What are the causes of community acquired pneumonia?
- Community-acquired pneumonia (CAP): may be primary or secondary to underlying disease. Typical organisms are
- Streptococcus pneumoniae (most common),
- Haemophilus influenzae,
- Moraxella catarrhalis.
Atypical:
- mycoplasma pneumoniae,
- Staphylococcus Aureus,
- Legionella species and
- Chlamydia.
Gram-negative bacilli and anaerobes are rarer. Viruses account for up to 15%
What are the causes of hospital-acquired pneumonia?

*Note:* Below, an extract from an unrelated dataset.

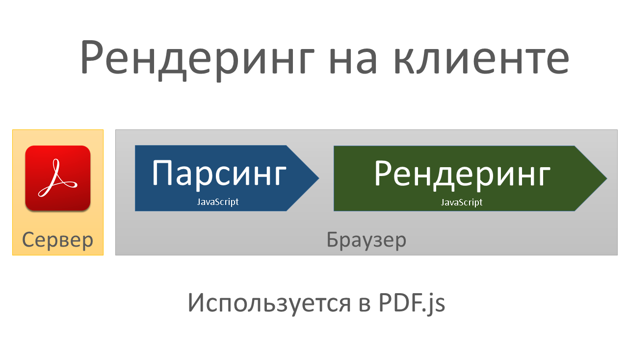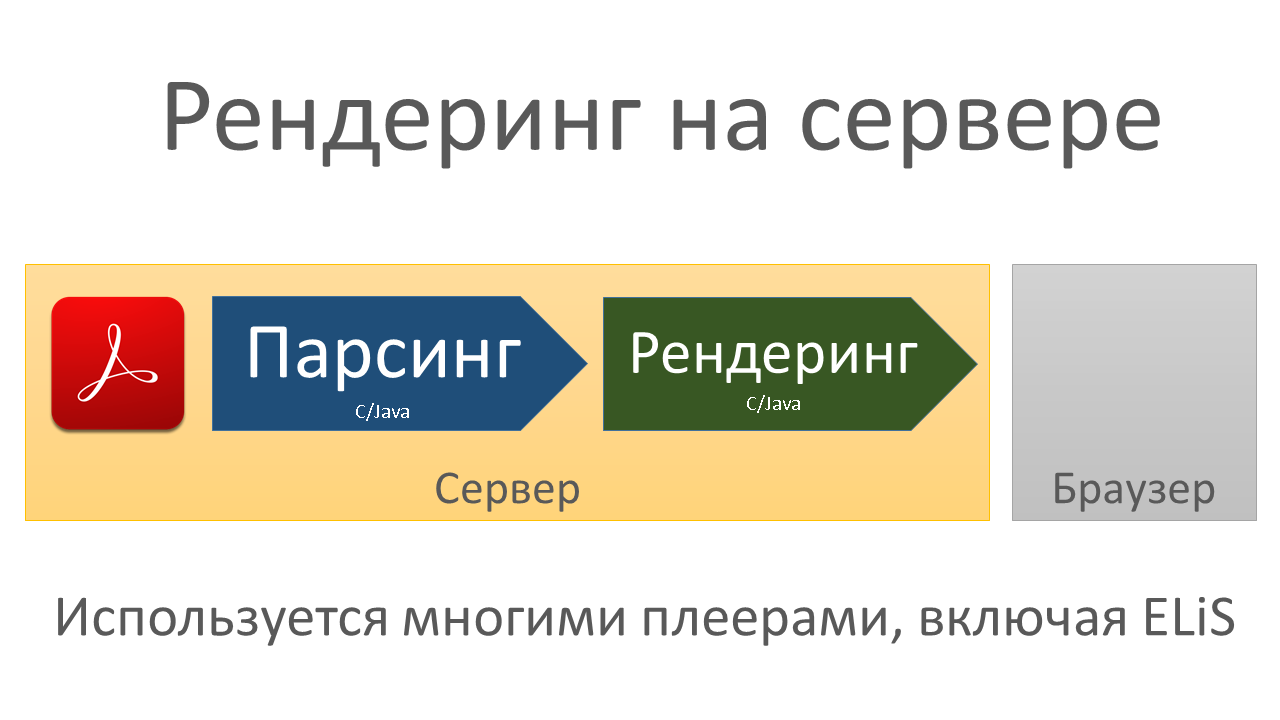 Изначально файл PDF находится на сервере. Стадия визуализации в интересующих нас случаях всегда производится в браузере. А вот парсинг и рендеринг могут производится как на сервере, так и на клиенте (браузере). PDF — большой и сложный формат, поддерживающий разные типы шрифтов, алгоритмов сжатия текста и несколько форматов встроенных рисунков, поэтому довольно мало ПО полностью реализовавшего весь функционал PDF. Парсинг и рендеринг осуществляется всего несколькими программами, которые называют библиотеками рендеринга PDF.

- Hospital-acquired pneumonia (HAP): defined as pneumonia developed > 48 hours after hospital admission. Most commonly gram-negative enterobacteria or Staphylococcus Aureus.
Also Pseudomonas Klebsiella bacteroides and Clostridia.
What are the causes of aspiration pneumonia?
- Aspiration pneumonia: those with stroke, myasthenia gravis, bulbar palsies, decreased consciousness eg post-ictal or intoxicated, poor dental hygiene and oesophageal disease (achalasia, reflux) risk aspirating oropharyngeal anaerobes
What are the clinical features of pneumonia?
KEY: Cough, Chest pain, Fever
SYMPTOMS:
-Symptoms of infection: fever, malaise, headaches, rigors
-Cough
-Chest pain (pleuritic)
-Anorexia
-Dyspnoea
-Purulent sputum
-Haemoptysis
SIGNS:
-Pyrexia
-Cyanosis
-Confusion (can be the only sign in the elderly)
-Tachypnoea
-Tachycardia
-Hypotension
-Signs of consolidation: reduced expansion, dullness to percussion, increased tactile vocal fremitus/ vocal resonance, bronchial breathing
-Pleural rub
How is pneumonia investigated?
-Assess oxygenation: oxygen saturation by pulse oximetry, test BP
-ABG: if saturation is less than 92% or if you suspect severe pneumonia
-Blood tests: FBC, U&E, LFT, CRP
-Chest Xray: look for lobar or multilobar infiltrates, cavitation, pleural effusion.
-Sputum test: for microscopy and culture
-Urine: check for legionella or pneumococcal urinary antigens
-Atypical organism and viral serology
-Pleural fluid: may be aspirated for culture
CURB-65
Assesses the severity of disease
Confusion: abbreviated mental test <8
Urea: >7mmol/L
Respiratory rate: >30/min
Blood pressure: <90 systolic and/or <60 diastolic
Age: >65
May underscore the young, clinical judgement necessary.
How is pneumonia managed?
Management is based on CURB-65 score:
0-1: oral antibiotics and home treatment
2: Hospital therapy
>3: Severe, indicates mortality 15-40%, consider ITU
ANTIBIOTICS
1. Community acquired:
Mild: not previously required treatment, CURB 0-1 (Strep pneumoniae, Haemophilus Influenzae)
-Treat with oral amoxicillin or clarithromycin or doxycycline (5 day course)
Moderate: CURB 2 (Strep pneumoniae, Haemophilus influenzae, mycoplasma pneumoniae)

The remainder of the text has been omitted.